こんにちは、サイバーの犬です。今日もサイバーセキュリティの最新トピックスを中心に書き留めていきます。

今回もAIエージェントの台頭が中心ですね。Anthropicの「Mythos」が金融・政府の対応を揺るがす一方、攻撃側も同手法を即座に模倣し、ランサムウェアの侵入時間が2日未満に短縮されているのは懸念でしょう。AIが武器にも盾にもなる今、エージェントの「アイデンティティ」や認可制御が次なる鍵になりそうです。

一方、PyTorchのサプライチェーン侵害やcPanelのゼロデイ、Linuxの権限昇格脆弱性など、インフラの隙間を突く攻撃が依然として活発ですね。「エージェント時代のパッチ管理は荒唐無稽になる」との指摘は、従来の対応速度では追いつけなくなった現実を如実に表しているでしょう。OT環境のゼロトラストやポスト量子暗号の動向も併せ、単純な「修正」から「継続的な信頼検証」へ考え方がシフトしつつあります。自動化が加速する中、設計段階での脅威考慮とAIの透明性確保が必須条件になりつつあると感じますね。


記事一覧

米NSA、Anthropic「Mythos」でMicrosoft製ソフトウェアの脆弱性を検出 - 디지털투데이

(米 NSA 、 Anthropic 「 Mythos 」で Microsoft 製ソフトウェアの脆弱性を検出 - 디지털투데이)

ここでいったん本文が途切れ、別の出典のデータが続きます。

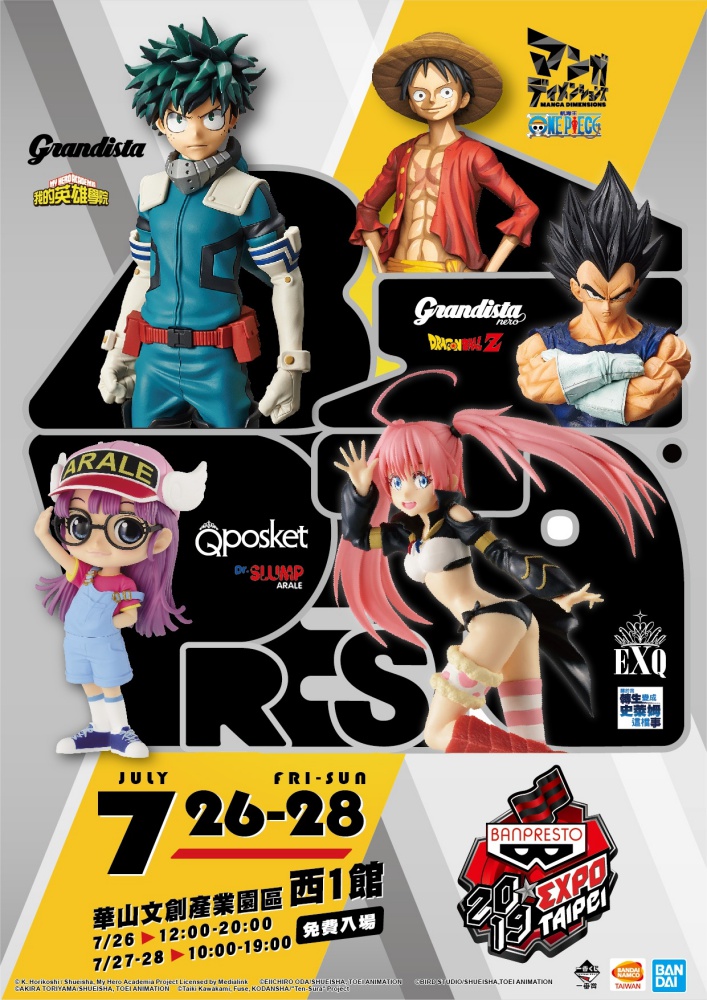 去年同期首次舉辦大型模型展覽的『BANPRESTO』品牌,於今年4月與BANDAI SPIRITS 公司合併後,即將於7/26(五)-7/28(日)於台北華山1914文創產業園區(西1館)首度隆重舉辦「BANPRESTO EXPO 2019」活動。展出內容將規劃「我的英雄學院」、「航海王」、「七龍珠」人氣角色主題專區以及旗下系列商品的展覽專區,更有『與日本同步開賣』的超人氣的一番賞人氣商品。本次展覽佔地為去年的兩倍大,全場免費入場,暑期第一檔模型展即將正式引爆!
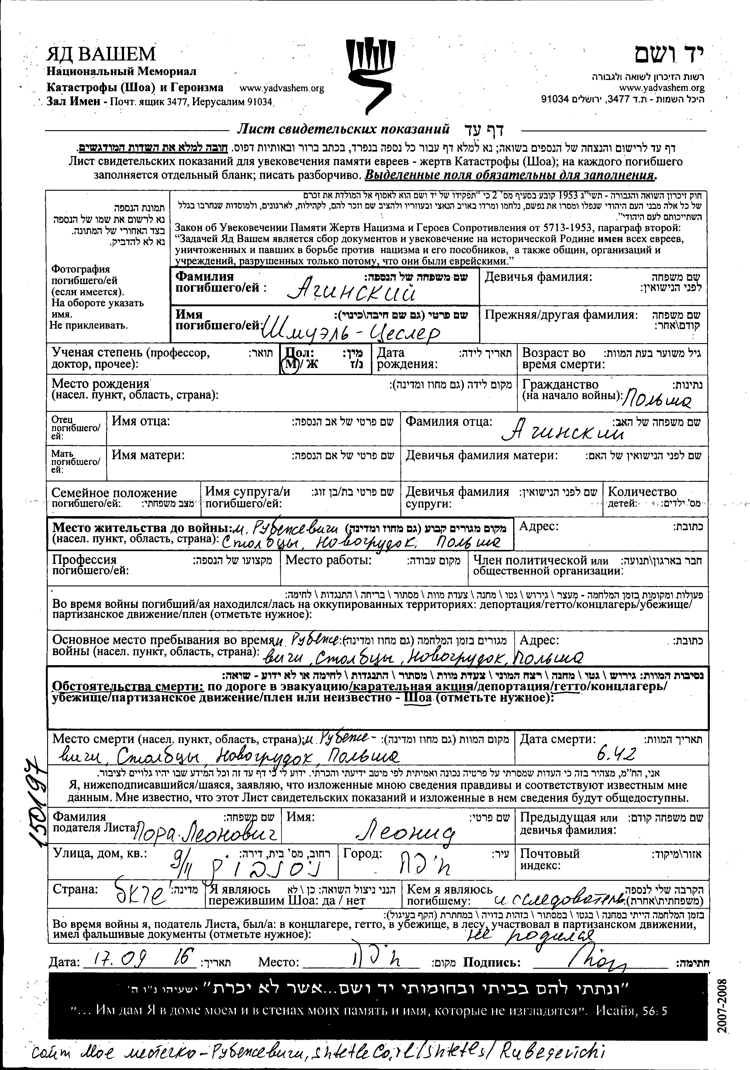 Shmuyel Aginskiy. Prior to WWII he lived in Rubezhevichi, Poland. During the war he was in Rubezhevichi, Poland. Shmuyel was murdered in the Shoah. Place of death: Rubezhevichi, Poland, 06/1942.
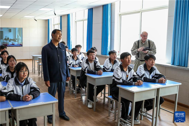 在甘肃省定西市岷县职业中等专业学校的“花儿进校园”课堂上,“洮岷花儿”国家级代表性传承人刘郭成(中)为学生们传授“花儿”技艺,高文厚在一旁拍摄(6月13日摄)。新华社记者 郎兵兵 摄

https://www.digitaltoday.co.kr/jp/view/52338/us-nsa-uses-anthropic-mythos-to-detect-microsoft-software-vulnerabilities

✔️要約
米NSAとMicrosoftは、Anthropicが開発したAIモデル「Mythos」を活用し、Microsoft製ソフトウェアの脆弱性検出と修正対応を加速させている。Mythosは未発見の脆弱性を発見する性能が高く、ハッカーによる悪用を防ぐため一般公開は制限されている。NSAの支援のもと、Microsoftは自社製品のセキュリティ強化とパッチ提供の迅速化を図っている。


Claude Mythos が揺らす日本の金融インフラ| FSA ・日銀・三大メガバンクが緊急対策に動いた理由 - innovaTopia

https://innovatopia.jp/cyber-security/cyber-security-news/99740/

✔️要約
Anthropic社の新AIモデル「Claude Mythos」が未知の脆弱性を自律的に発見・連鎖攻撃可能なエクスプロイトを生成する能力を持つことを受け、日本政府は金融庁、日銀、三大メガバンク、JPXが参加する官民連携会議を開催した。日本の金融インフラが三大メガバンクへの集約度が高く一点突破に脆弱なため、AIを活用したサイバー攻撃への備えを強化すべく「日本版プロジェクト・グラスウィング」作業部会の設置を表明した。英米に続く対応であり、防御側が先回りして脆弱性対策を強化する動きが本格化している。


Red Hat、AIエージェント向け堅牢化OSの試作を公開—fedora-bootcとOpenClawで描く「agentic OS」の青写真 - innovaTopia

(Red Hat 、 AI エージェント向け堅牢化 OS の試作を公開— fedora-bootc と OpenClaw で描く「 agentic OS 」の青写真 - innovaTopia)

https://innovatopia.jp/ai/ai-news/99718/

✔️要約
Red HatのEmerging Technologiesチームは、AIエージェント実行用のプロトタイプ「agentic OS」を公開した。fedora-bootcを基盤に不変・宣言的なOSイメージを構築し、OpenClawをrootlessなPodman環境で実行する設計を採用。読み取り専用ファイルシステムや最小権限の活用により、エージェントの外部連携や長時間稼働に伴うセキュリティリスクを低減する。個人向けプロトタイプだが、NVIDIAとの協業やエンタープライズ展開の青写真として、クラウドネイティブな運用パターンをAIワークロードへ適用する潮流を示している。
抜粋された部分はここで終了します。